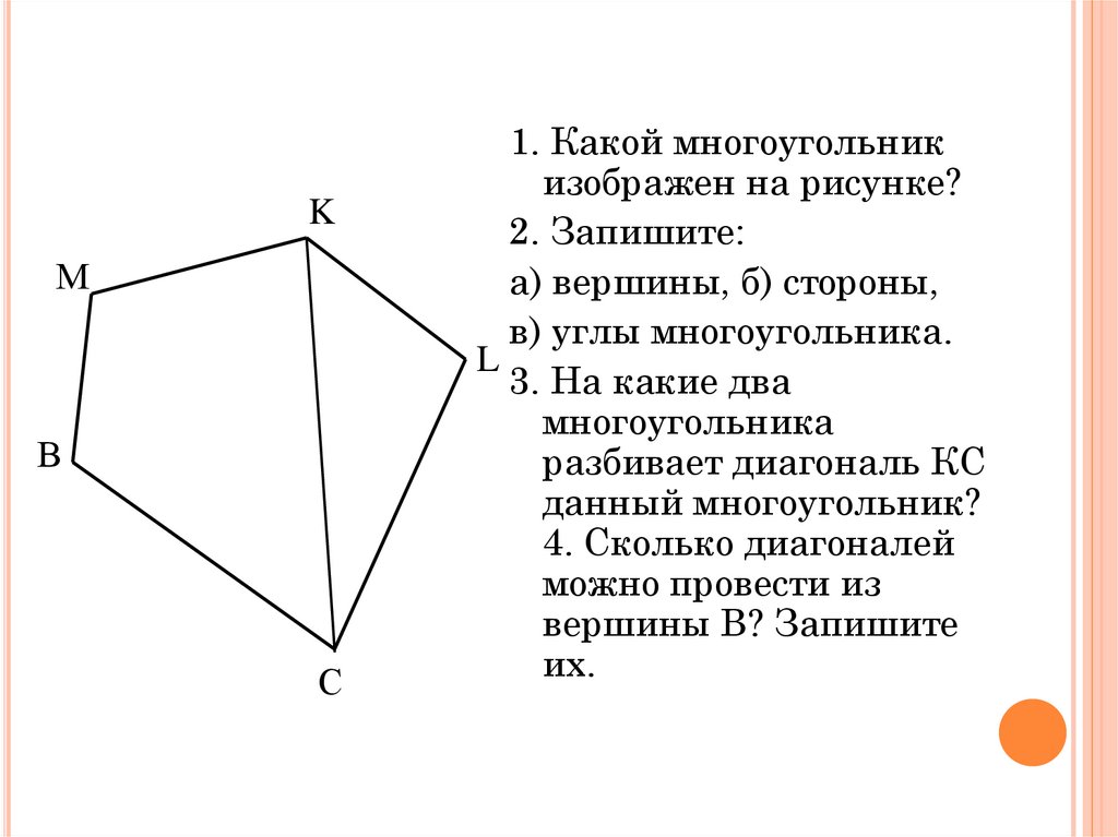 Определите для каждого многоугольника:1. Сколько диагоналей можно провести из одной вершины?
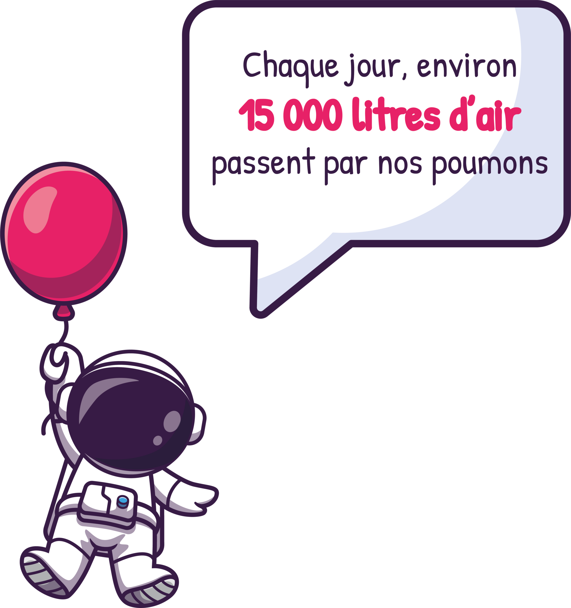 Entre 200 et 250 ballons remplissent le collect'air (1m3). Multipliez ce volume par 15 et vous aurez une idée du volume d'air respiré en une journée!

..........

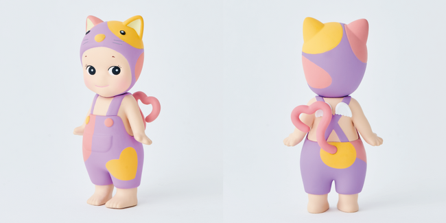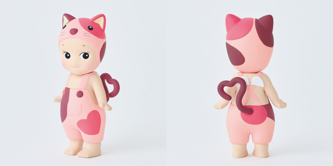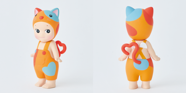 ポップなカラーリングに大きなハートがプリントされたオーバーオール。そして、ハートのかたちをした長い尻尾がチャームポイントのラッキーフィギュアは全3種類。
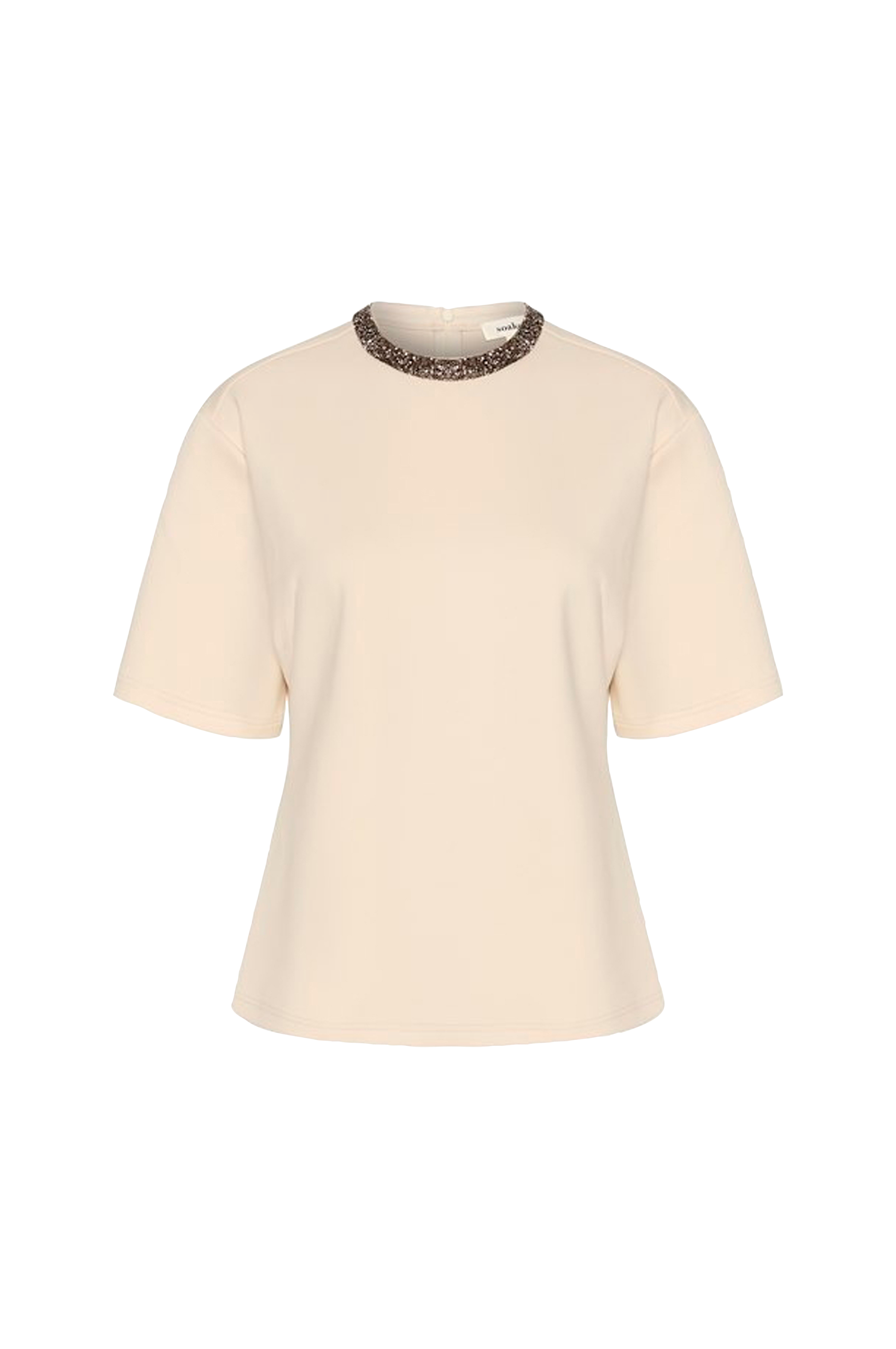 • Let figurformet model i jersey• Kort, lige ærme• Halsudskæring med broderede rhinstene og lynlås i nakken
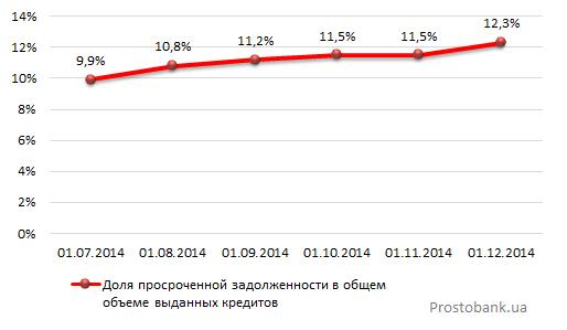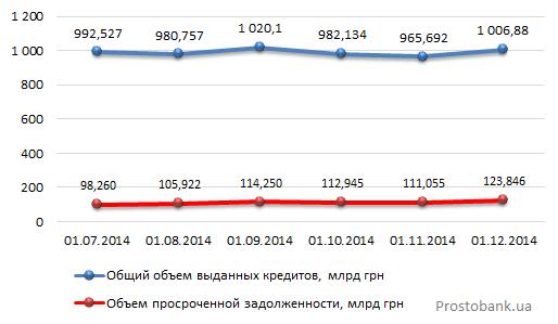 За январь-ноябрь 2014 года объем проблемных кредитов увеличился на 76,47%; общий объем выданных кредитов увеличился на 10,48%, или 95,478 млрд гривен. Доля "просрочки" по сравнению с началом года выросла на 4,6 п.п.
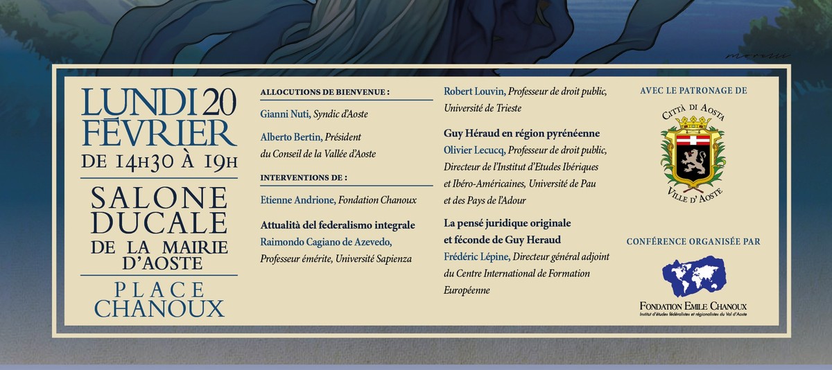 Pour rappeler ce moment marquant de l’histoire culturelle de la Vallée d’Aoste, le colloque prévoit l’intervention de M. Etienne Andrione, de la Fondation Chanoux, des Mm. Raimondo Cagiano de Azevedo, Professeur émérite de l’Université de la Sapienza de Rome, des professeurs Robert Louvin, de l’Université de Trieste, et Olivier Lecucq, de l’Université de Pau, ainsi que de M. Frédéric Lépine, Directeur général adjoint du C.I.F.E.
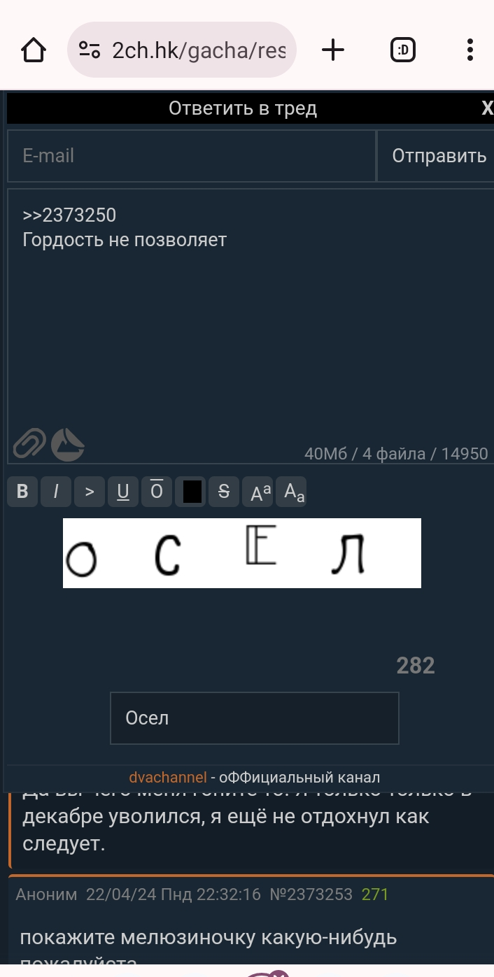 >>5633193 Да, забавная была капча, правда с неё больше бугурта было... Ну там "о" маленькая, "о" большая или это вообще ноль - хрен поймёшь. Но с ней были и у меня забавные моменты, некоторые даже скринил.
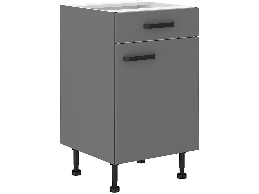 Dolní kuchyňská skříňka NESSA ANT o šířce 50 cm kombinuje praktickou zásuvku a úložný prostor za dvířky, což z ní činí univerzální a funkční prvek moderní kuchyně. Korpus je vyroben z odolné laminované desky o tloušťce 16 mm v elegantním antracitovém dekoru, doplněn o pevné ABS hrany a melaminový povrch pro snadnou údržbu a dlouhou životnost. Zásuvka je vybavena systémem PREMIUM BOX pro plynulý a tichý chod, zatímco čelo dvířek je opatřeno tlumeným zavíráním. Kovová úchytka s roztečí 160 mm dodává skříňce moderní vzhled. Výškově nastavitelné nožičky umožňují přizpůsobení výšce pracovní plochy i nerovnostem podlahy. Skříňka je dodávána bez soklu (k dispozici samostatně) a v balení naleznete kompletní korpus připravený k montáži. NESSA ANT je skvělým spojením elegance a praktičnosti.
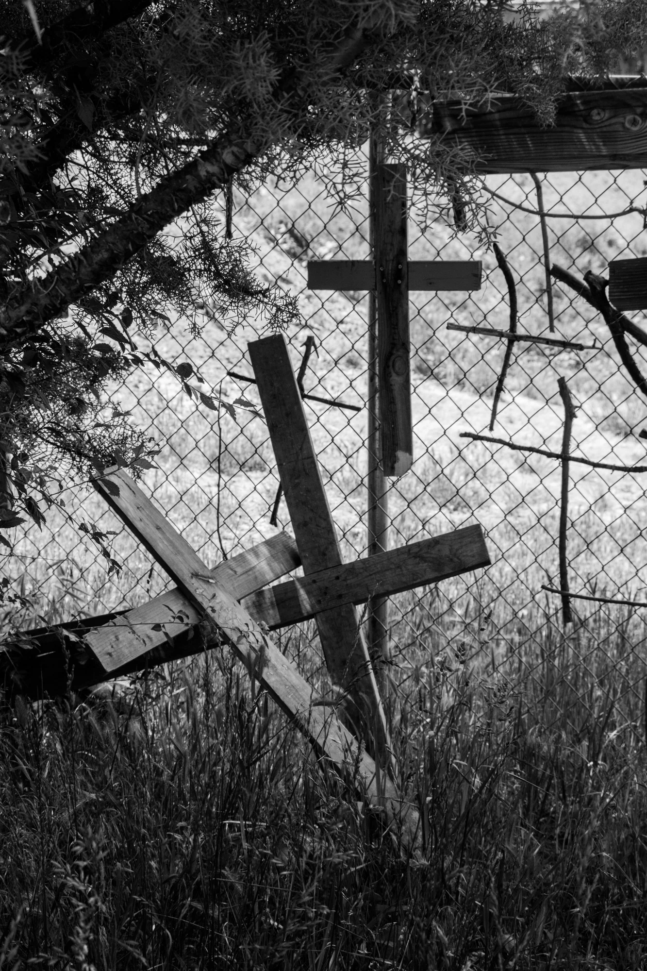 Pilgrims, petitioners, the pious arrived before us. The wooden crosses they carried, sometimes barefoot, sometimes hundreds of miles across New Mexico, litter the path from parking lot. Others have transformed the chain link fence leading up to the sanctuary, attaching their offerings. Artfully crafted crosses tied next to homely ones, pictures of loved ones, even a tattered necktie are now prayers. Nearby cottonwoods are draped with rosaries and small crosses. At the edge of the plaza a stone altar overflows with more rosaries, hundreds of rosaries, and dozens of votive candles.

..........

WHAT YOU NEED TO DO –
In the listing above, find the line with "Определите для каждого" and output every line through the one with "Entre 200 et", exactly, without the pictures.

SOLUTION FOR THIS EXERCISE –
 Определите для каждого многоугольника:1. Сколько диагоналей можно провести из одной вершины?
 Entre 200 et 250 ballons remplissent le collect'air (1m3). Multipliez ce volume par 15 et vous aurez une idée du volume d'air respiré en une journée!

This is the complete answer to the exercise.